TASK OBJECTIVE: Apart from the images, the entire listing below must be restated word for word.

SOURCE MATERIAL:
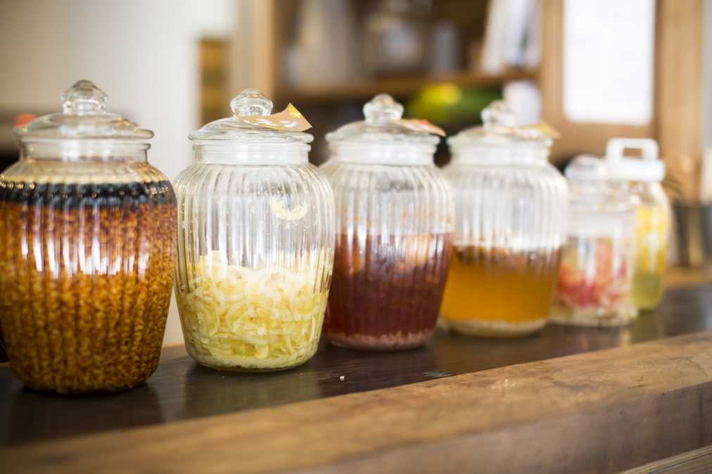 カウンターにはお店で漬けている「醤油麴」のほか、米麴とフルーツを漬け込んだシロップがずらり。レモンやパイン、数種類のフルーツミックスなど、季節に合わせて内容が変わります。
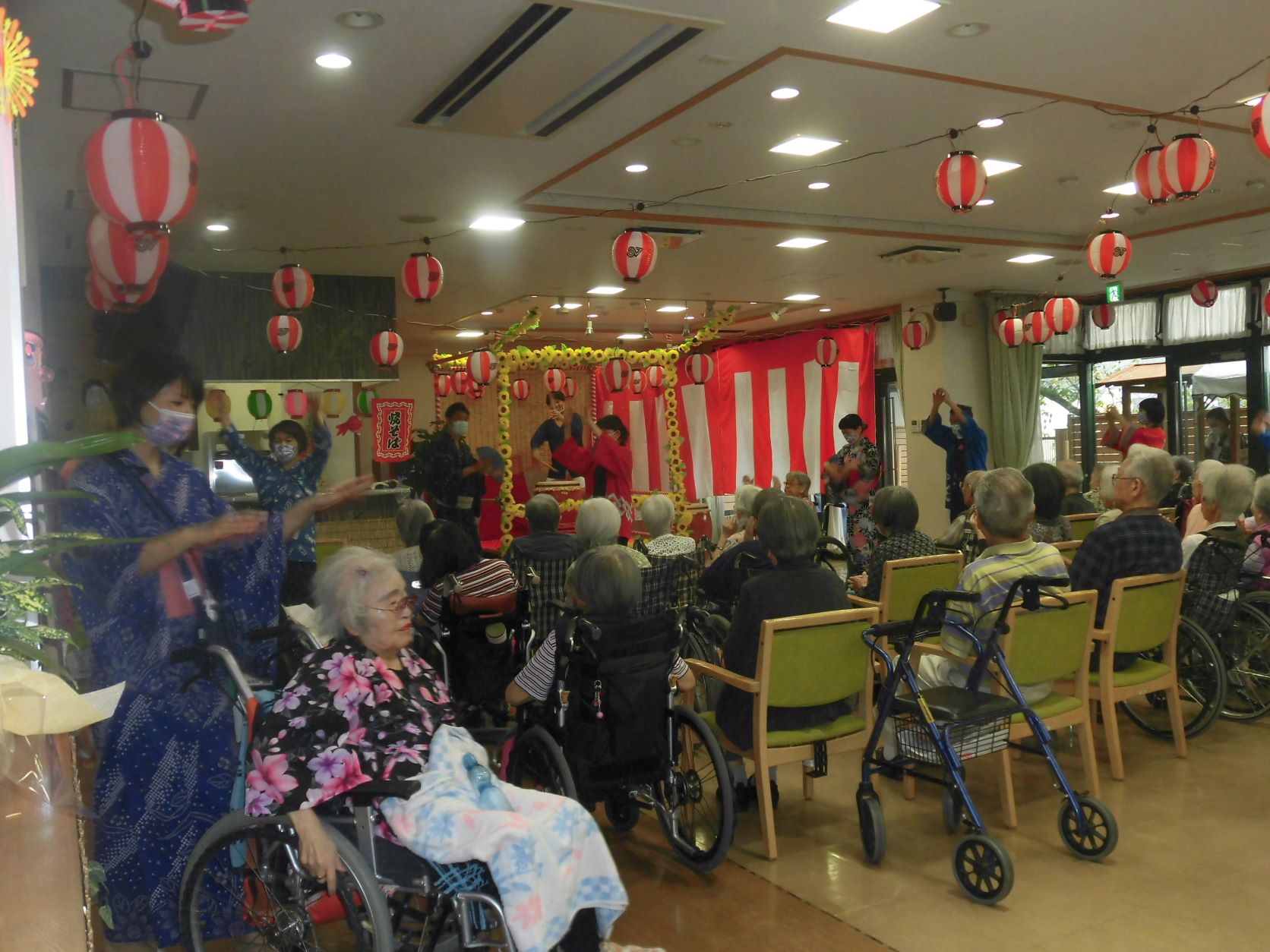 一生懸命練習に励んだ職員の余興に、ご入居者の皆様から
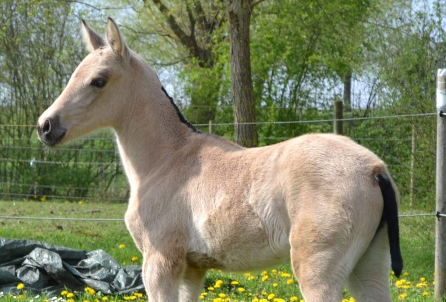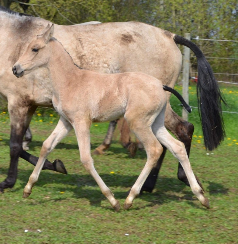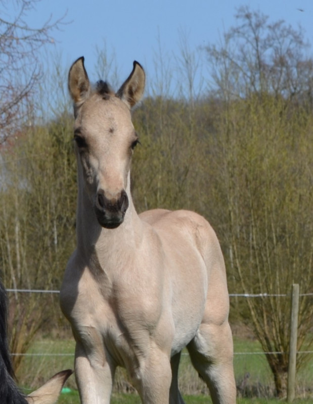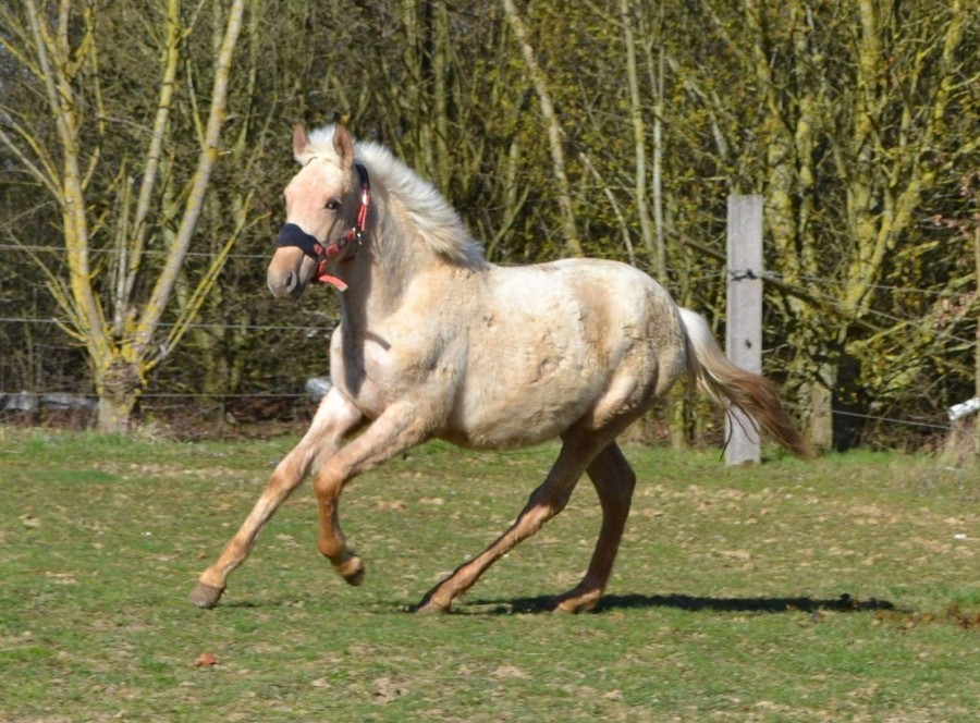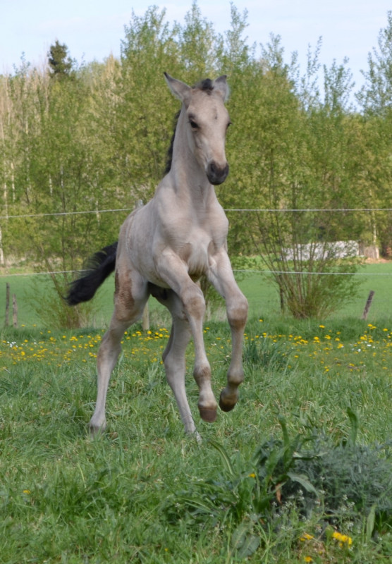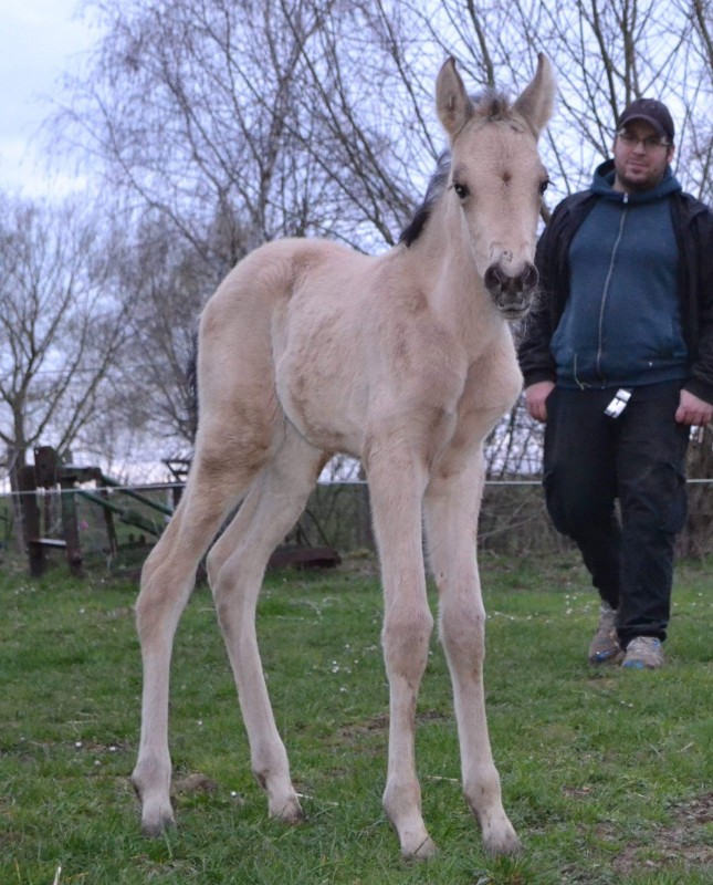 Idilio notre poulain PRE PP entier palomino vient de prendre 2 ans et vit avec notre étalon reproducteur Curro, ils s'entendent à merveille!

ANSWER BELOW:
 カウンターにはお店で漬けている「醤油麴」のほか、米麴とフルーツを漬け込んだシロップがずらり。レモンやパイン、数種類のフルーツミックスなど、季節に合わせて内容が変わります。
 一生懸命練習に励んだ職員の余興に、ご入居者の皆様から
 Idilio notre poulain PRE PP entier palomino vient de prendre 2 ans et vit avec notre étalon reproducteur Curro, ils s'entendent à merveille!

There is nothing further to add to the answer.